** TASK TO CARRY OUT **
As output, give the exact lines from the one containing "ETH Prijs: $2234.71" through the end of the listing below, both included, without the pictures.

** DATASET EXCERPT **
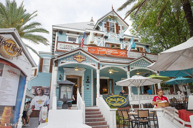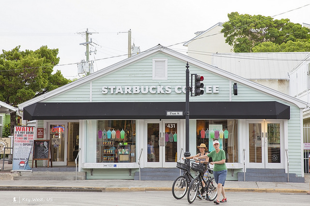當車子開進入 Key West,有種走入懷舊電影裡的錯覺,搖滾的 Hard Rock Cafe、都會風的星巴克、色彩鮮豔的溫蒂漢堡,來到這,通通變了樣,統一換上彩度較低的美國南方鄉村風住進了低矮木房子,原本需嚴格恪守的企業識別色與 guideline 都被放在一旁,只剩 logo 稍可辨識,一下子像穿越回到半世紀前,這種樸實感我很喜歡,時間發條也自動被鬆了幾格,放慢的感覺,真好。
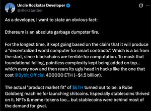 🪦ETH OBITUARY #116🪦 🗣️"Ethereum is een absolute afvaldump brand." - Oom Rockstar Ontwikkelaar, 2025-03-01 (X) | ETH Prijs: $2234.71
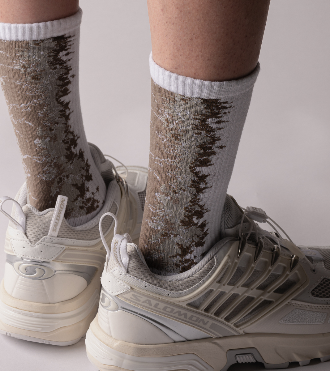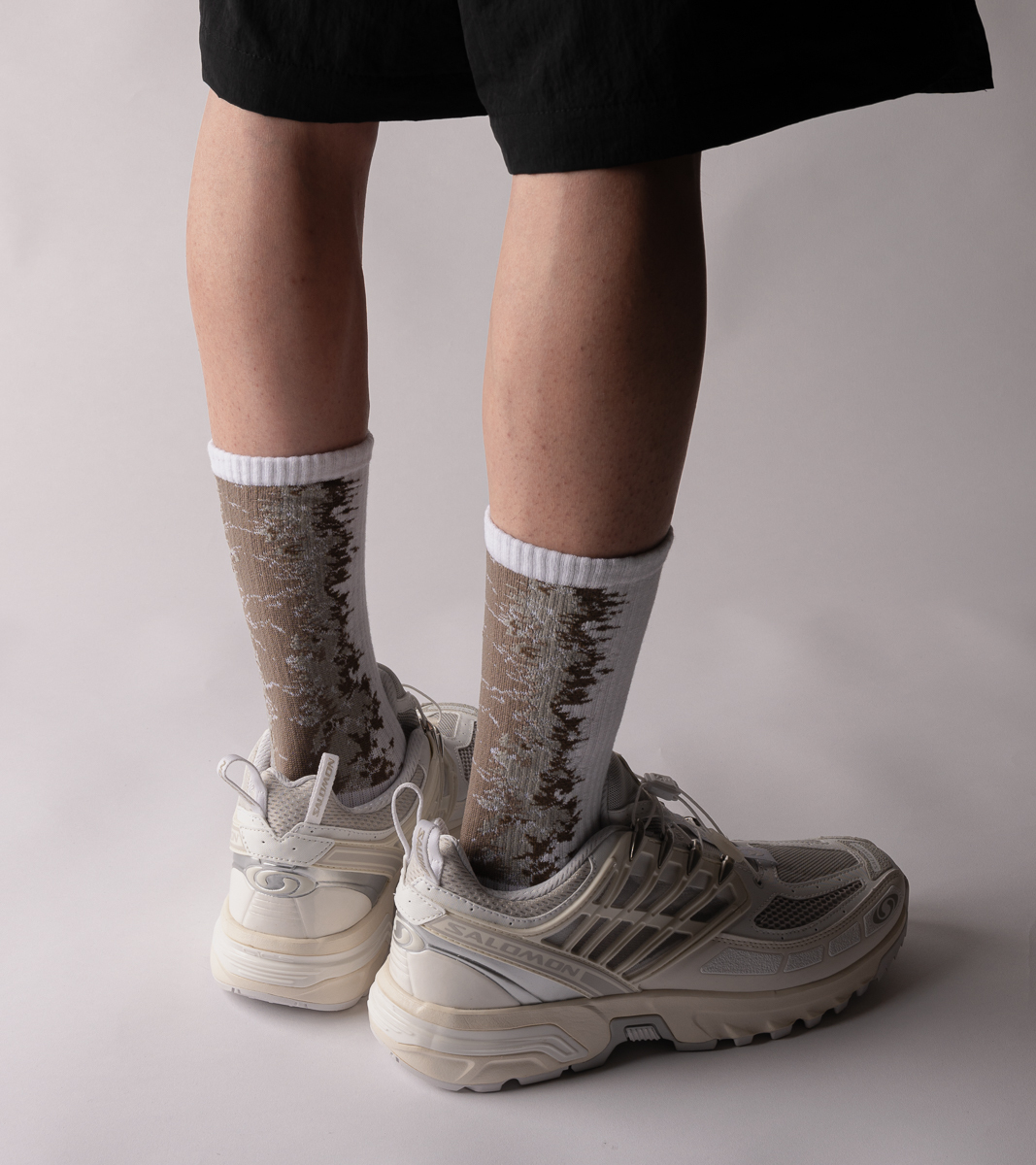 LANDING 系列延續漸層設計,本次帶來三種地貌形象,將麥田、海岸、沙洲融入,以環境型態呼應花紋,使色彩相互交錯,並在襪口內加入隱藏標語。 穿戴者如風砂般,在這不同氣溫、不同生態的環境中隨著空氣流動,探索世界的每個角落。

** WRITTEN REPLY **
 🪦ETH OBITUARY #116🪦 🗣️"Ethereum is een absolute afvaldump brand." - Oom Rockstar Ontwikkelaar, 2025-03-01 (X) | ETH Prijs: $2234.71
 LANDING 系列延續漸層設計,本次帶來三種地貌形象,將麥田、海岸、沙洲融入,以環境型態呼應花紋,使色彩相互交錯,並在襪口內加入隱藏標語。 穿戴者如風砂般,在這不同氣溫、不同生態的環境中隨著空氣流動,探索世界的每個角落。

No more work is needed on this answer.